Why don’t I like it? I have little issue with actual fences. They’re good for things like keeping deer out of a garden, or preventing a dog running away, or, if such a situation calls for it, keeping cows from wandering onto a neighbor’s land. What I dislike about its typical use is that it seems to discount deep connection among people, instead holding decorum in higher esteem. I think that we sometimes get so bored with this life that we forget it’s our one miraculous go-around on this rock. We start to take ourselves too seriously. It’s important to snap out of it, to remember that no life was ever made tear-jerkingly beautiful by the stale politeness associated with keeping neighbors out and staying separate. In some cases, I might even say fences make bad neighbors… sounds pretty dull to have a neighbor with whom you actively avoid connecting.
Okay, so I realize a fence isn’t stopping you from bonding with a neighbor and forming a deep friendship. I’m waltzing more in the metaphorical realm here. It seems to me that the fence (and the praise it gets for making “good” neighbors) is upstream from a society that is disconnected, suspicious of each other, and staunchly unwilling to “dance under the sun with all of life’s merry characters.”
Many parents don’t let their kids run around the neighborhood like they did growing up. Talking to people in cafés, subways, and on the street is an afterthought, undone by headphones, smart phones, and what I see to be a general distaste for public conversation.

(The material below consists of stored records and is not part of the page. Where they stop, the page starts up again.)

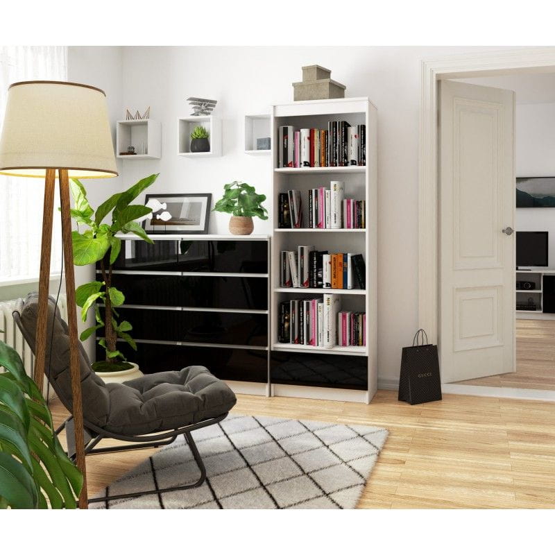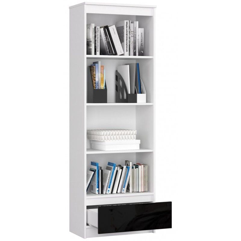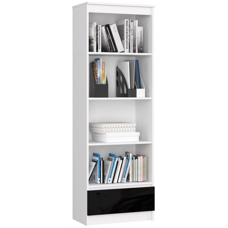 Regał do salonu, biura, 1 szuflada, półki, ARLO, 60x35x180 cm, biały, czarny, połysk
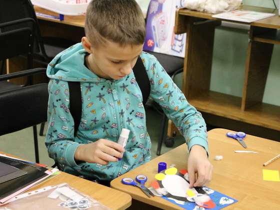 Юные читатели, посетившие занятие мастерской, сделали одного из помощников зимнего волшебника – новогоднего пингвина.
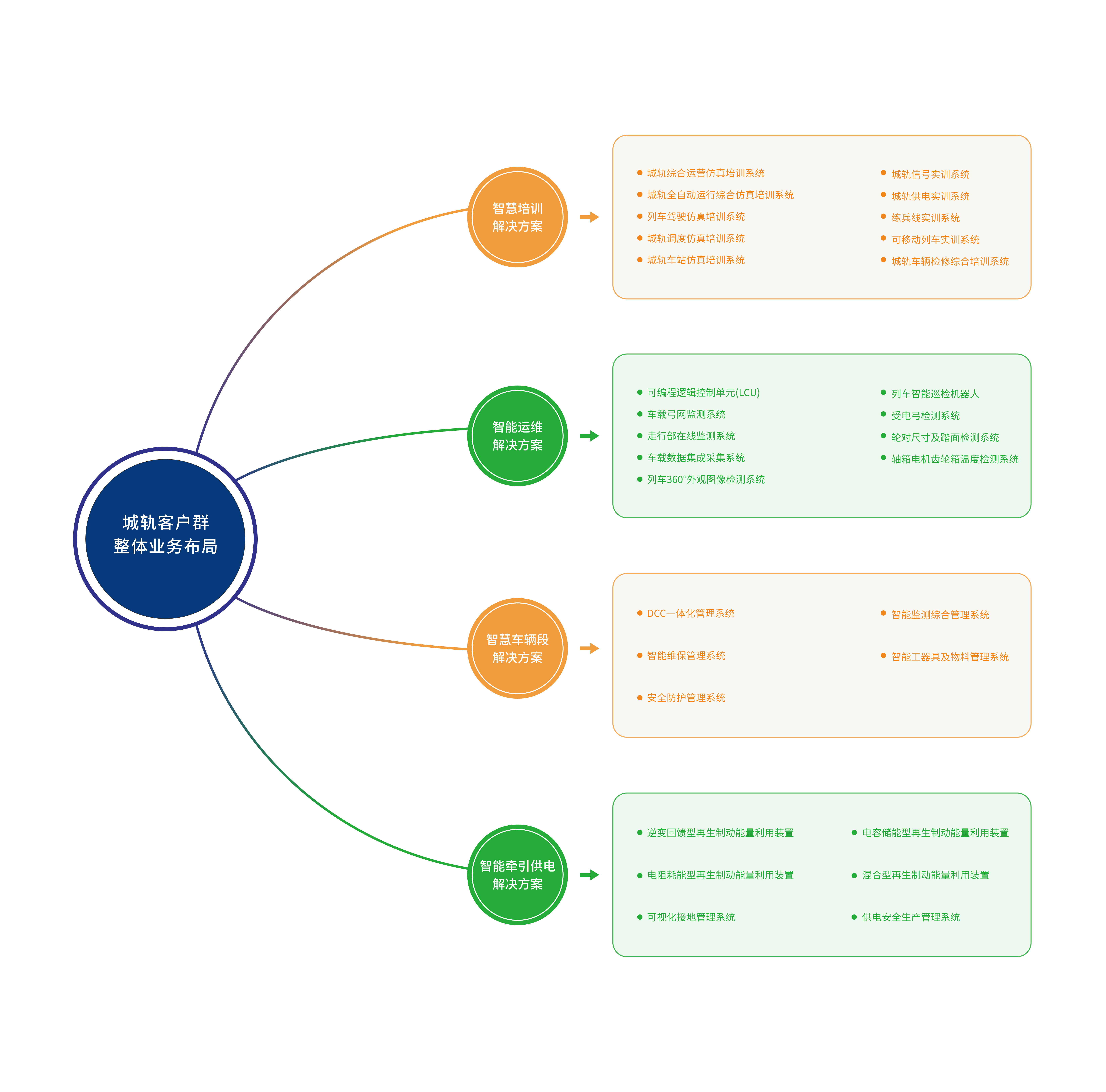 在城市軌道交通領(lǐng)域,針對(duì)培訓(xùn)、車輛、車輛段、牽引供電業(yè)務(wù)場景,運(yùn)達(dá)可提供智慧培訓(xùn)、智能運(yùn)維、智慧車輛段、智能牽引供電4大解決方案。四大解決方案分別包括N個(gè)核心子產(chǎn)品及相關(guān)服務(wù)。
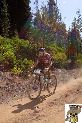 While getting to the lake was a blast, what was to come in the next 10-15 miles did me in(for a while). There was a ton of little steep and loose climbs that I had to walk then a long and pretty steep climb where we topped out at about 6700'(frost all over the ground). After that was the lava rock descent that I had been hearing about. It wasn't any where near as rocky as I thought it was going to be, and I was able to go pretty fast! this is what did me in. while slipping between the cantaloupe sized rocks I managed to cut a side wall. I tried to put in a little air but it was bad enough to need to put in a tube as the Stan's couldn't plug a hole that big(the gash was about an inch long). I moved out of the trail, ate some Shot Bloks so I would have something to boot the tire, changed my tube, and got ready to air it up. Just then Evan comes by with someone else on his wheel, Great 2nd place to 4th in less than two minutes.
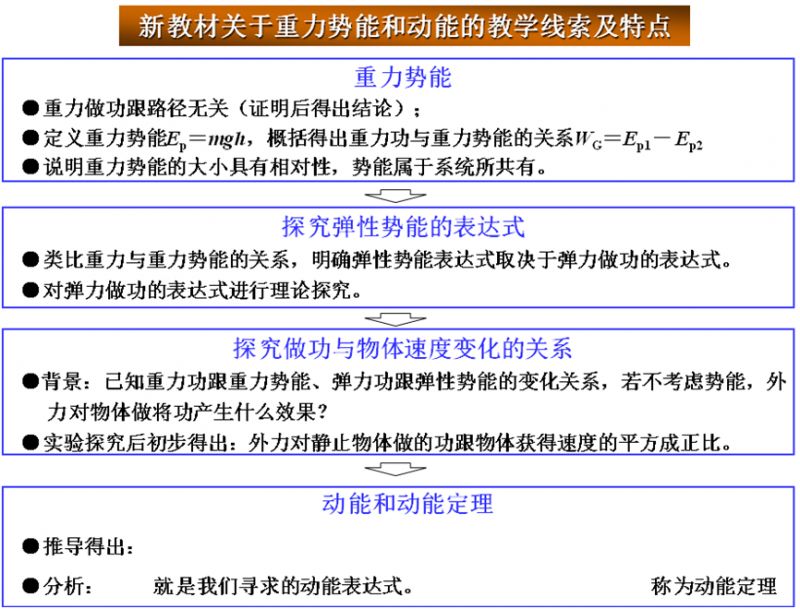 如何更好的理解功能关系,深刻理解功的本质,遵循教材首先学习重力做功与重力势能变化的关系,其次学习探究弹簧弹力做功与弹性势能的变化关系,最后通过探究功与速度变化的关系,在匀变速直线运动模型条件下理论推导合外力做功与动能变化的关系。
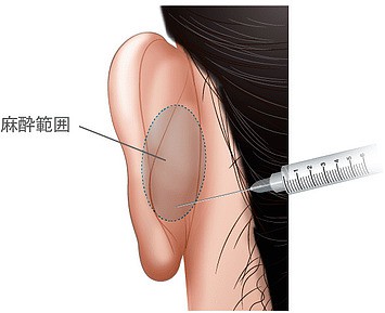 耳介軟骨を採る部分に局所麻酔注射をする。
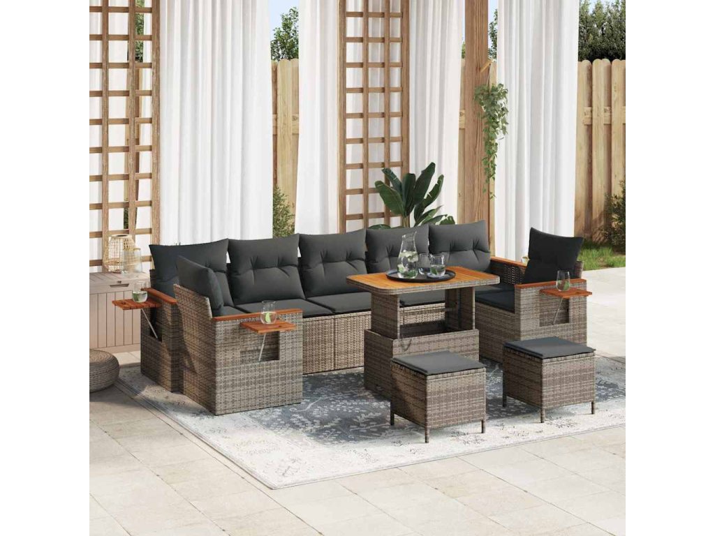 Sada zahradních pohovek s polštářem 10 pcs Šedá 3363163

“How can you blame them? People are worse/crazier than ever!”
No, not really. This is the age-old bias we hold toward our own time. It seems people often feel like they live in the most horrid or consequential of societies. Add to that an unprecedented access to information, and that feeling explodes. People aren’t worse than ever. We just know about the bad ones more than we ever did before. They were always there. The truth is that in the US, the rate of violent crime has been steadily declining for decades. Murder rates are around half what they were for much of the 70’s, 80’s, and 90’s. Reports of missing children have also declined significantly in the last 30 years. Among those cases, less than 1% are stranger abductions. That isn’t to belittle the dangers of children being abducted by family or running away. It just points out the illogic of the distrust we have towards our community.
On the other hand, it makes sense why fewer people trust their community.
They don’t know them.
They don’t meet people when they’re out for lunch because they’re looking at their phone, AirPods in. They don’t talk to the stranger in the waiting room for the same reason, or simply because “that’s just weird and awkward” (how is it weird for one of the most social and cooperative species on Earth to speak to one another?). They don’t know the family down the street because they’re inside, comfortably watching cable news with the AC blasting. Our comfort is killing our social connection. Why go outside for a passing breeze when your climate-controlled house offers far cooler temperatures? Why speak to an old woman in the coffee shop when you could listen to a far more engaging podcast about your favorite political hot button? More on this topic in an intriguing article here.
In other words, we build fences.
I understand that as an extroverted man, it’s easy to call out the lack of conversation and connection in public (I wrote about it just two weeks ago). Moreover, I understand that as a person who doesn’t own a house, it’s easy for me to talk about effortlessly connecting with neighbors, and I know that when I have children of my own, I’ll be able to better grasp why some parents are so fearful of potential dangers, no matter how low the likelihood. I still argue that these issues are important to point out, though.
Why? Because forgoing human connection is a high price to pay.
Here there are no cows.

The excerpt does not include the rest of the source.